I've been thinking for several years about contrasting the capacity to doubt and the capacity to have faith. This can be thought of as a dimension along which we move for everything we question or accept. Obviously, with regard to some religious types in the context of their religion, they are pegged at the extreme faith end of the spectrum. The profession of extrapolator is a conscious choice to have doubt about everything, and this is being close the other extreme. In day-to-day practice, we have unconscious faith about nearly every detail. General semantics teaches us, though the notion of "consciousness of abstracting", to be aware that we do take so very many things for granted, but that we should be prepared for being wrong - from the minutest of everyday details to the really big questions.

In traditional philosophy, knowledge can be classified according to three primary sources.

  1. That which I can directly apperceive as true - clear observations.
  2. That which I can conclude by a sequence of steps, each of which I can directly apperceive, and the memory of having followed the entire sequence. - valid reasoning from clear observations.
  3. Knowledge by authority - that which is given to us that we do not doubt.

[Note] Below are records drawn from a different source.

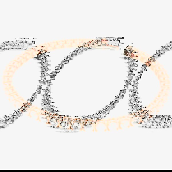 The Swarovski Matrix Rose Gold Tennis Bracelet is delicately crafted from base metal with rose gold-tone plating. This beautiful tennis bracelet is adorned with round-cut white cubic zirconia stones set in a four-claw setting and is a size medium. Width: 0. 4cm.
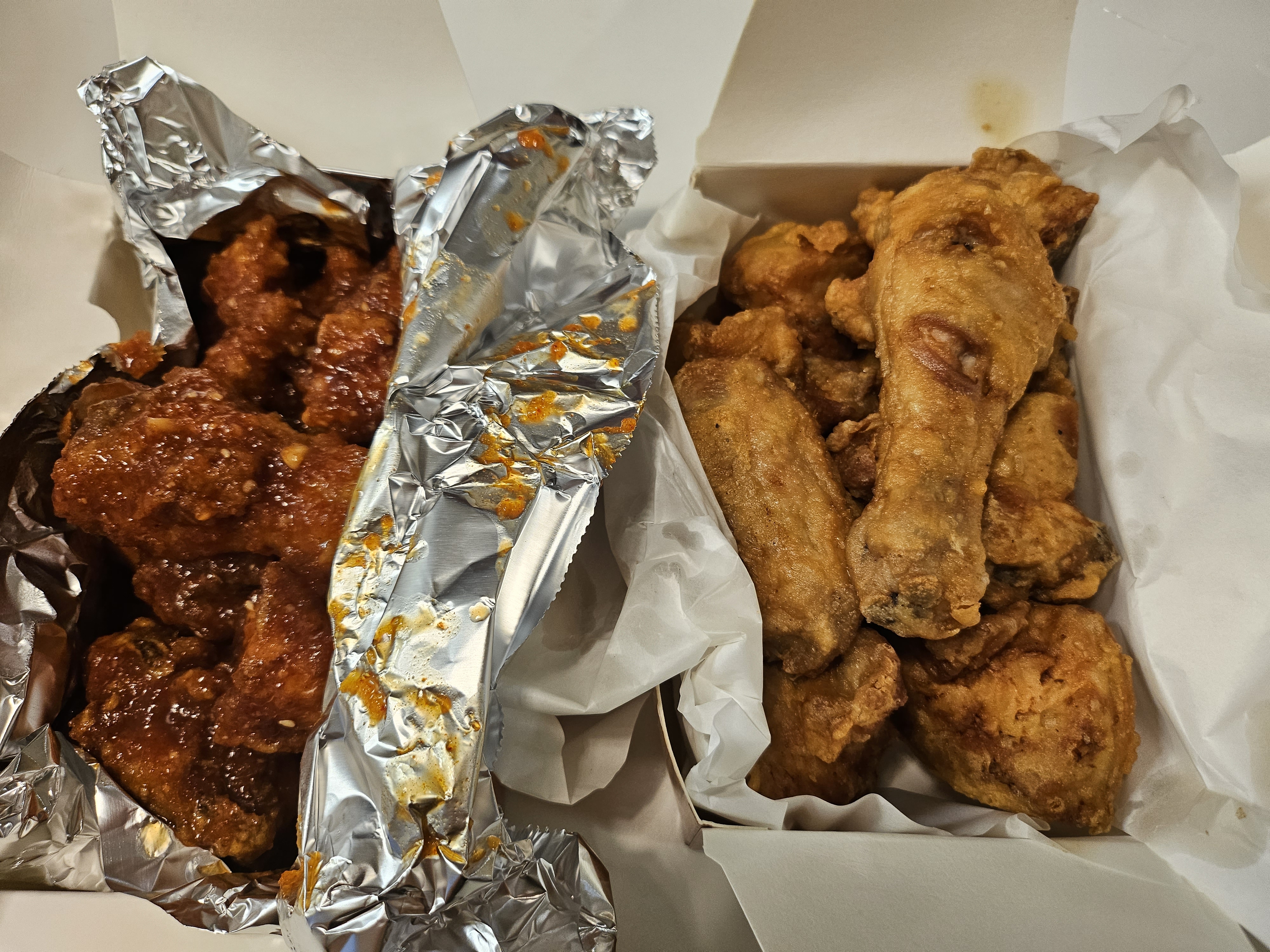 양념반, 후라이드반... 반반으로해서 2만 2천원이었고요. 배달을 시켰습니다. 이곳은 특이하게 배민이나 먹깨비 등에 등록돼 있지 않아서 전화로 배달 주문하였어요. 약간 옛날 방식이었는데 ㅎㅎ 추억의 방식이죠.
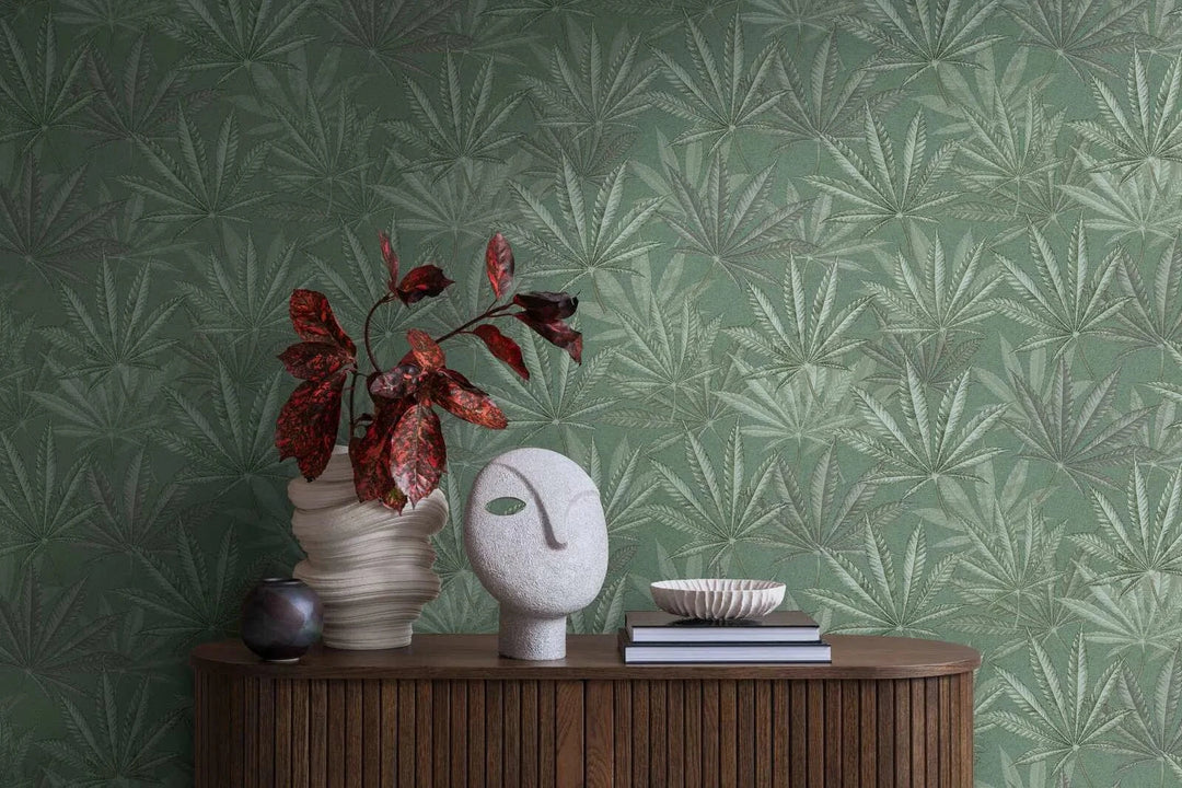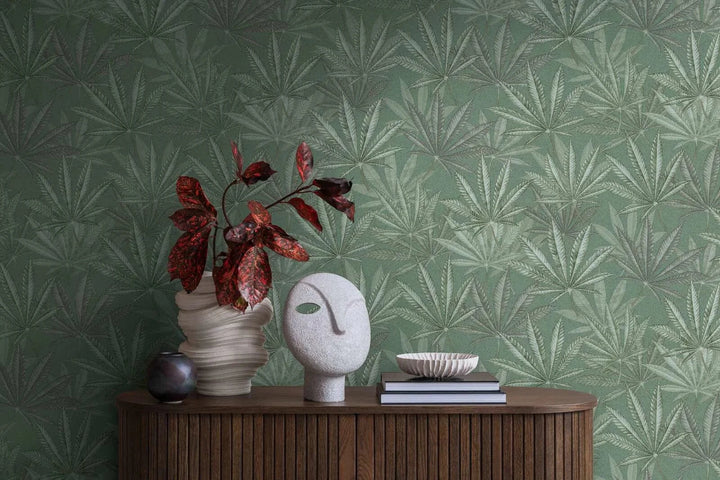 Zaļās flizelīna tapetes ar lapu rakstu džungļu stilā piešķir telpai tropisku svaigumu un dzīvīgumu.

Religions take knowledge by authority as having primacy over the other two forms. Science, on the other hand, discounts this source of knowledge except in so far as any authority derives its knowledge from the first two types.  For science it is imperative that we have the capacity to check out any source, and any source must ultimately be traced back to a reasoned sequence, each of which can be directly perceived as true. As a practical matter, in science as well as in everyday life, the lion's share of our activities presume our knowledge from other sources is authoritative. It's only when we do original work, or when we follow in detail another's original work, that we are coming back to the first two forms of knowledge.

For Religion, the capacity to have faith is predominate.  Knowledge by authority is taken as primary.  New generation initiates are expected to "take on faith" the proclamations of immediate prior authority.  Questioning or doubting these teachings is not only not allowed, it is the basis for expelling the questioner from the order.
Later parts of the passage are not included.